5.      Masalah Heat Transfer
Adanya endapan fosfat, silikat atau sulfat sebagai zat inhibitor secara berlebihan pada permukaan alat penukar kalori, dapat menimbulkan masalah karena mengurangi pertukaran panas sehingga mengurangi efisiensi alat tersebut. Maka dari itu perlunya pemberian zat tidak berlebihan atau dipertahankan dalam batas minimum.
6.      Pengaruh beracun
Pengaruh beracun harus dipikirkan dari zat inhibitor terhadap panca indra. Maka dalam pemilihan harus sangat hati-hati dan teliti. Serta perlakuan atau pemrosesan yang benar akan mengurangi resiko ini.
7.      Kehilangan inhibitor
Pada proses inhibition tidak akan efektif bila terjadi kehilangan zat sebelum sempat berhubungan dengan permukaan metal atau sebelum terciptanya perubahan yang dikehendaki. Suatu inhibitor akan menghilang karena pengendapan (presipitation), proses absorpsi dan reaksi dengan komponen sistem yang dilindungi atau karena mudah larut atau terlalu lambat pelarutannya. Misalnya proses pengendapan fosfat oleh ion kalsium, reaksi antara kromat dan sulfida, proses adsorpsi zat inhibitor pada butir padat yang mengembang (suspended solid) dan penginjeksian zat inhibitor yang sulit larut tanpa bahan pelarut (dispersing agent).

7.  Pengendalian Korosi
            Korosi tidak mungkin sepenuhnya dapat dicegah karena memang merupakan proses alamiah bahwa semuanya akan kembali ke sifat asalnya. Asalnya dari tanah maka akan kembali ke tanah. Hal ini adalah siklus alam yang akan terus terjadi selama kesetimbangan alam belum tercapai. Namun demikian pengendalian dan pencegahan korosi harus tetap dilakukan secara maksimal, karena dilihat dari segi ekonomi dan dari segi keamanan merupakan hal yang tidak boleh ditinggalkan dan dibiarkan begitu saja.
Pengendalian korosi harus dimulai dari suatu perencanaan, pengumpulan data lingkungan, proses, peralatan dan bahan yang dipakai serta pemeliharaan yang akan diterapkan.
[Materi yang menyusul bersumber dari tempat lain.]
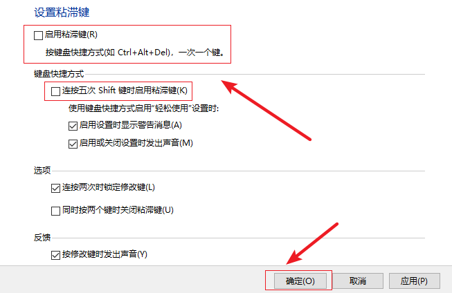 以上就是本次小編整理的關于win10的粘滯鍵如何取消的兩個方法,希望可以幫到你~電腦的粘滯鍵設置本身就是專門幫助同時按下兩個或多個鍵有困難的人,正常沒有這個需要的人使用這個功能確實會覺得煩,如果不屬于這個群體,不需要或者不喜歡這個功能的,趕緊來抄作業取消了!
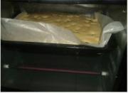 筛人面粉,切拌均匀,倒入铺了油纸的烤盘。
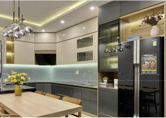 Đối với các căn hộ chung cư có diện tích hạn chế, tủ bếp Acrylic màu be là “giải pháp vàng” giúp không gian trở nên sáng và rộng hơn. Nhờ gam màu trung tính kết hợp bề mặt bóng gương, ánh sáng được phản chiếu tốt hơn, tạo cảm giác thoáng đãng.
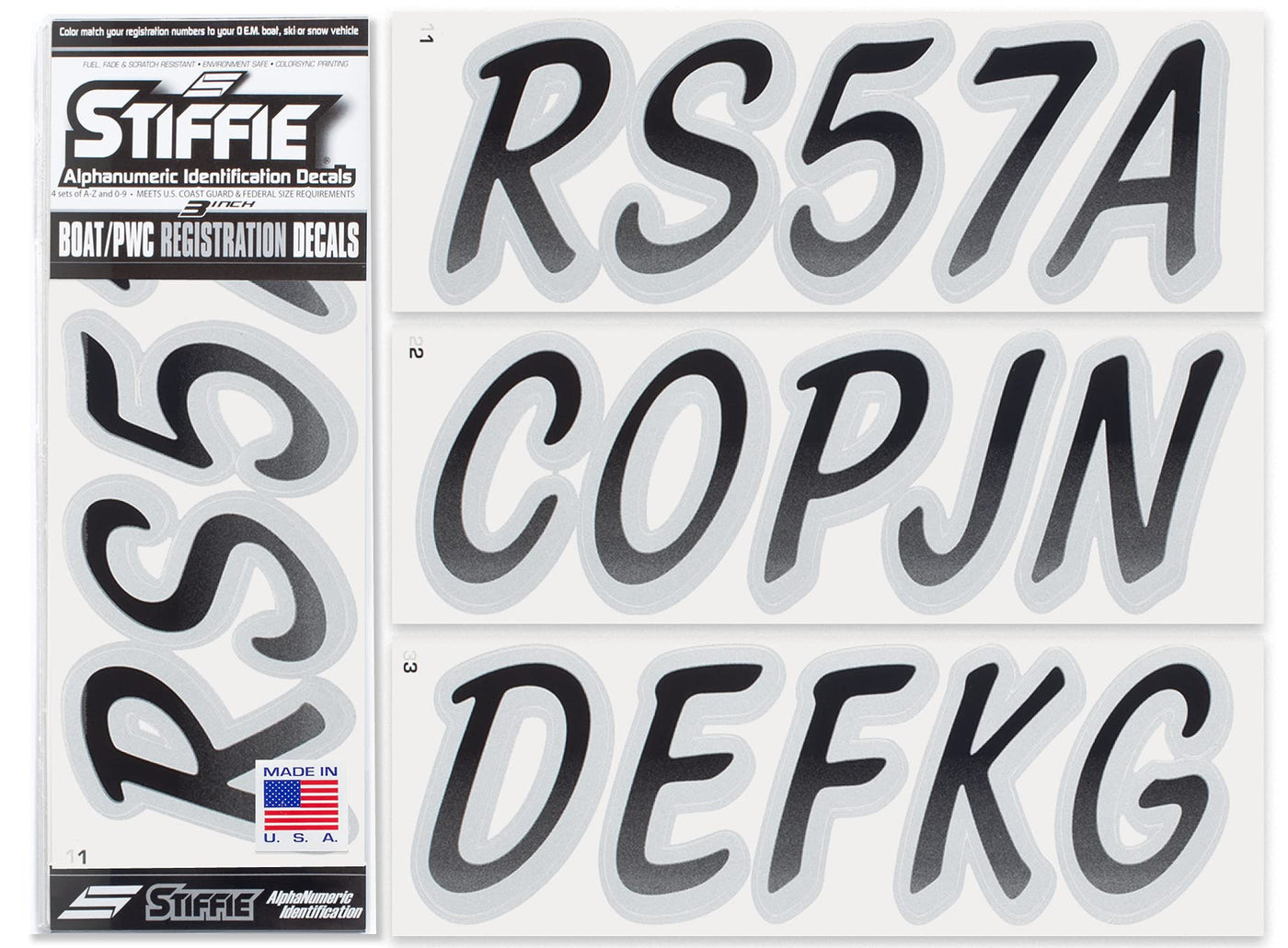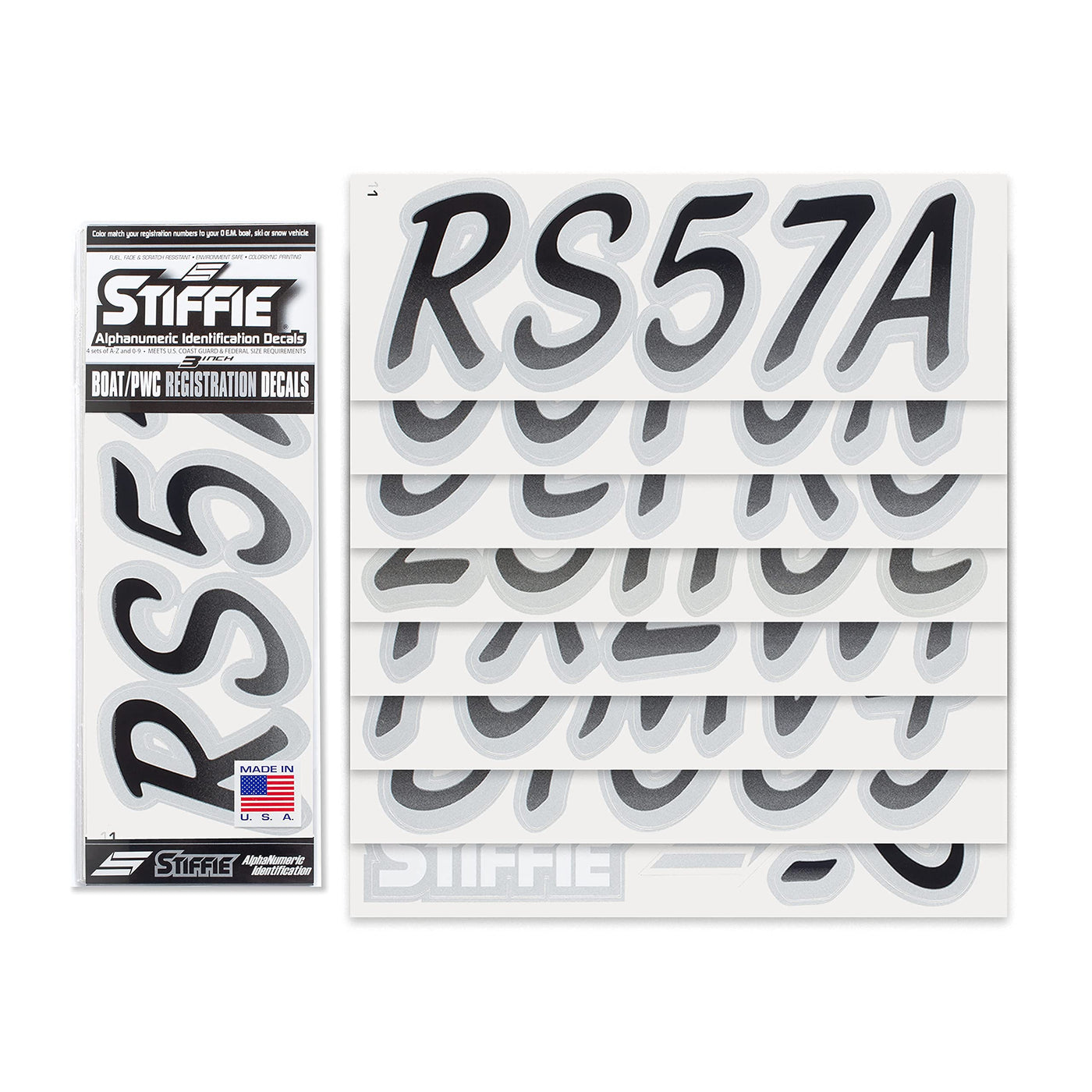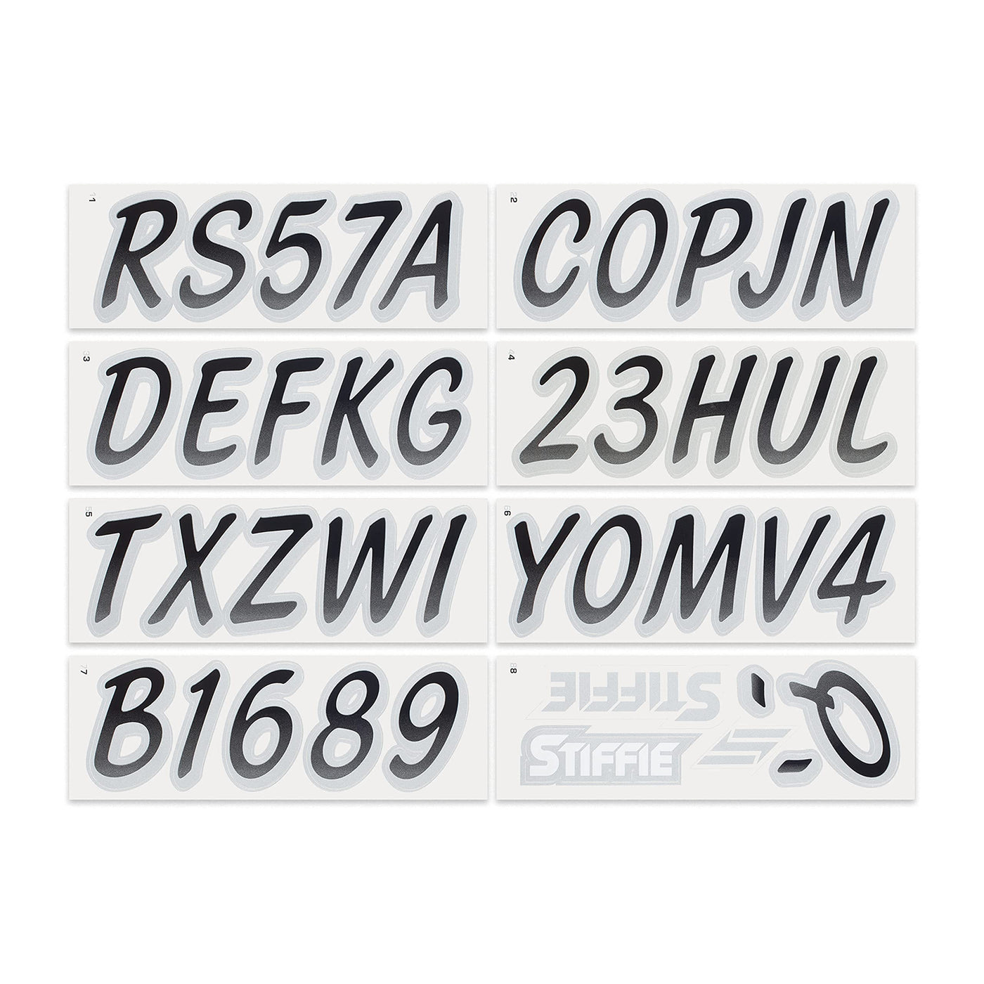 The STIFFIE Whipline Alpha Numeric Identification Kit remains our premiere boat registration numbers and letters decals style since 1992. It is a two-color design that features a forward-facing slant with smooth, rounded edges and a bold drop shadow type outline in a contrasting color. If style and cool factor is as important to you as functionality then this style is probably for you. The STIFFIE Whipline curvaceous style is available in 120 standard colors and 21 Super-Sticky colors for use with LSE (Low Surface Energy) plastic surfaces such as the Sea-Doo SPARK, Inflatable Boats, Ribs and Hypalon/PVC. STIFFIE boat numbers are 100% manufactured in the USA using our COLOR CLONE printing system. STIFFIE is the only registration decal manufacturer offering true color matching for your OEM Boat, Marine Vessel or Personal Watercraft. STIFFIE Alphanumeric ID kits are marine registration stickers for all water vessels, boats, personal watercraft. Our decals can also be used for DOT identifier number placement (Department of Transportation), snowmobile registration, or any application that requires the permanent identification or marking of name or number. Our decals are offered in styles and color ways that match your vessels original equipment manufacturer (OEM) color and design scheme. All Alphanumeric ID Kits offered by STIFFIE come with characters that are 3'' in height and meet or exceed US Coast Guard Regulations. Every ID kit comes with 4 sets of 0-9 and A-Z decals (146 total decals). STIFFIE Alphanumeric registration decals are made to withstand contact with chemicals, fading, curling, tearing and scratching. STIFFIE decals are also UV Coated for protection from harmful ultra-violet (UV) rays. Application is easy; just peel away the decals from their backing and apply. If you are not sure which color or design will best match your vessel, please give us a call.

Adapun metode-metode yang dilakukan dalam pengendalian korosi sebagai berikut:
1.  Pengubahan lingkungan
2.  Pemilihan bahan
3.  Modifikasi rancangan
4.  Teknik pelapisan
5.  Proteksi anodik dan katodik

·         Korosi Lingkungan Industri
            Korosi dilingkungan industri yang menggunakan bahan kimia seperti pada pembuatan H2SO4, HNO, HCl dan sebagainya maka akan sangat korosif sekali. Yang akan terjadi di sini dapat saja sejak mesin dan fasilitas lainya  sehingga seringkali menimbulkan hal yang fatal. Oleh karena itu pengendalian korosi di daerah ini adalah paling pelik
             Tujuan pengendalian korosi  dilingkungan Industri:
1.      Untuk menjaga, stabilitas, kelancaran dan mencapainya tugas dari Industri itu sendiri
2.      Bahwa dengan pengendalian maka nilai ekonomis dari seluruh Industri akan tidak menyusut secara dramatis.
Ø  HF bila tercampur air dan O2 juga sangat korosif
Ø  SO2 di atas kelembaban relatif (±70%), akan membentuk SO3  dan H2SO4 sangat koroasif pada logam.
Ø  NH3 dalam lembab sangat merusak pada paduan tembaga, macam macam yang biasa adalah lingkungan Industri  Cl2, Br2, dan J2 ternyata dalam udara lembab akan sangat korosif.
Pengendalian korosi dilingkungan Industri.
1)      Dipilih/ Dicari bahan logam untuk kontruksi yang paling ekonomis tapi teknis   masih dapat dipertanggungjawabkAN.
2)      Dapat pula memilih bahan non logam seperti plastik keramik beton dan sebagainya. Dengan tidak boleh melupakan kondisi kerjA.
3)      Memberi logam lindung yang tepat atau lapis lindung lainya.
Didalam air terdapat beberapa unsur seperti oksigen terlarut,sodium klorida,kalsium sulfat,kalsium karbonat,dan unsur kimia lainnya.sebagian unsur-unsur yang terdapat didalam air merupakan ion – ion agresif, sehingga kemungkinan besar akan terjadi suatu reaksi. Jika reaksi ini terjadi pada logam, maka reaksi dinamakan korosi.